## Work instruction
The full listing, copied exactly and free of pictures, is the expected reply.

## Data below
————

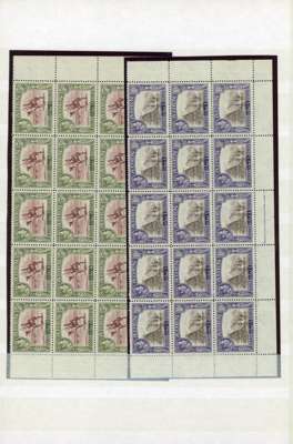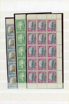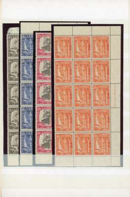 The sheet format precludes fully-matched blocks. The ½a to 2½a plus the 8a were in sheets of 16 rows of five stamps each, the 3a and 14a 8 rows of ten stamps each, and the rupee values in 12 rows of five stamps each
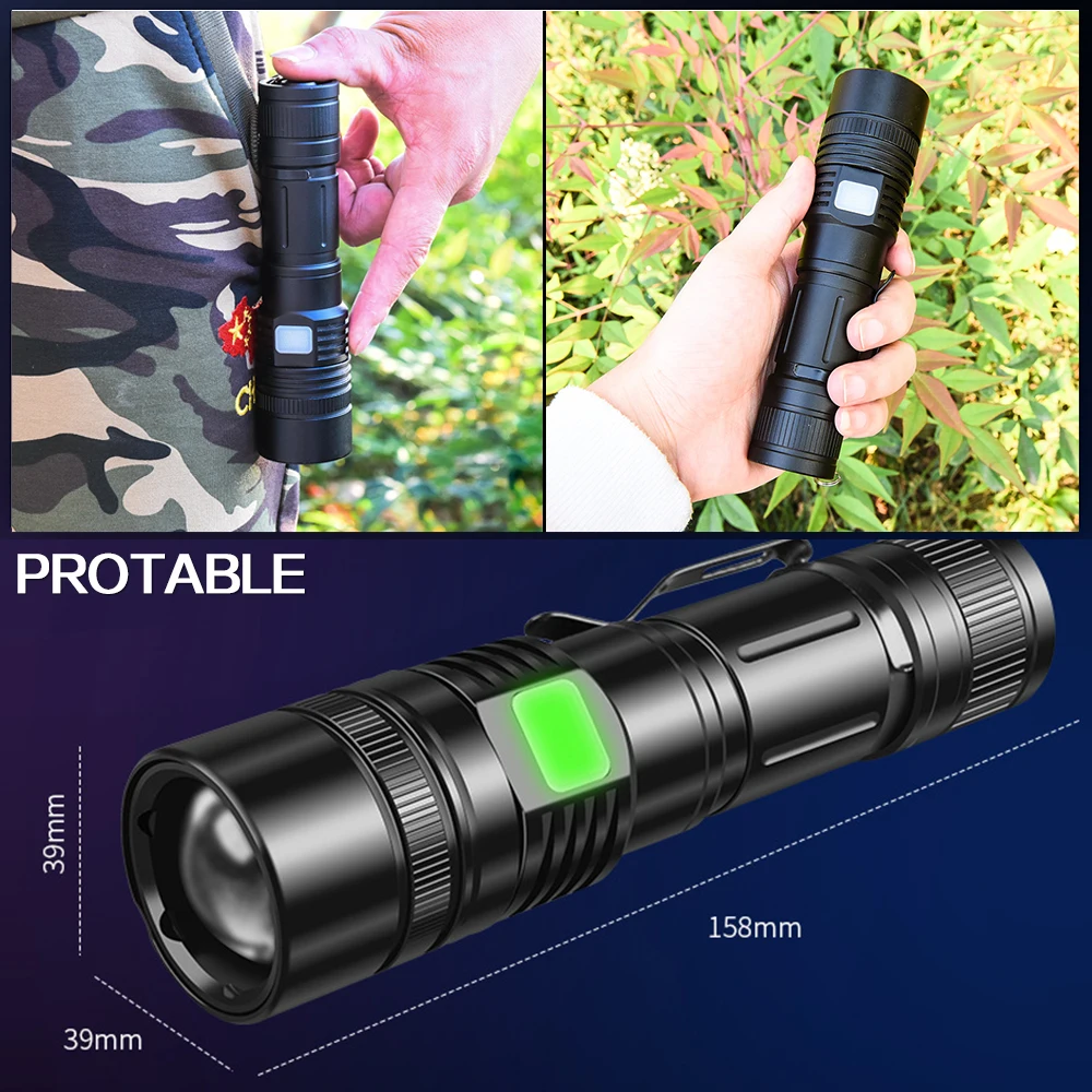 Концепция дизайна:Мощный светодиодный фонарикУвеличьте 1*18650 или 1*26650 аккумуляторный отсек, чтобы увеличить время работы.Дисплей емкости аккумулятора, телескопический зумМикро-usb для компьютера usb, Автомобильный USB, usb-разъем для зарядки, зарядный фонарикИзготовлен из авиационного алюминиевого сплава прочный HAIII военный класс Жесткий анодированныйВодонепроницаемый в соответствии с IPX-5, водостойкий, может использоваться в дождливую погоду, но не может положить его в водуПодходит для работы, охоты, альпинизма, рыбалки, кемпинга и активного отдыха и т. д.Ударопрочный до 2 метров.
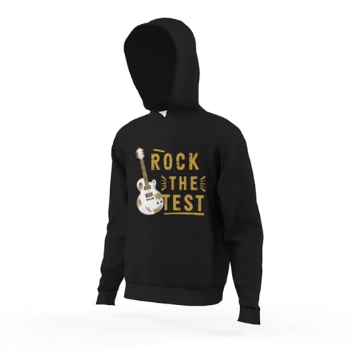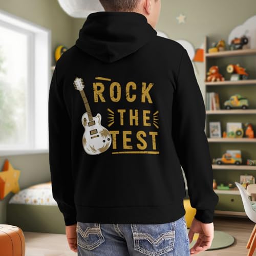 HOT ! Kids Funny Guitar Test Day Rock The Test Vintage Boys Girls Lightweight Kangaroo Pocket Fleece Hoodies

————

## Completed exercise
 The sheet format precludes fully-matched blocks. The ½a to 2½a plus the 8a were in sheets of 16 rows of five stamps each, the 3a and 14a 8 rows of ten stamps each, and the rupee values in 12 rows of five stamps each
 Концепция дизайна:Мощный светодиодный фонарикУвеличьте 1*18650 или 1*26650 аккумуляторный отсек, чтобы увеличить время работы.Дисплей емкости аккумулятора, телескопический зумМикро-usb для компьютера usb, Автомобильный USB, usb-разъем для зарядки, зарядный фонарикИзготовлен из авиационного алюминиевого сплава прочный HAIII военный класс Жесткий анодированныйВодонепроницаемый в соответствии с IPX-5, водостойкий, может использоваться в дождливую погоду, но не может положить его в водуПодходит для работы, охоты, альпинизма, рыбалки, кемпинга и активного отдыха и т. д.Ударопрочный до 2 метров.
 HOT ! Kids Funny Guitar Test Day Rock The Test Vintage Boys Girls Lightweight Kangaroo Pocket Fleece Hoodies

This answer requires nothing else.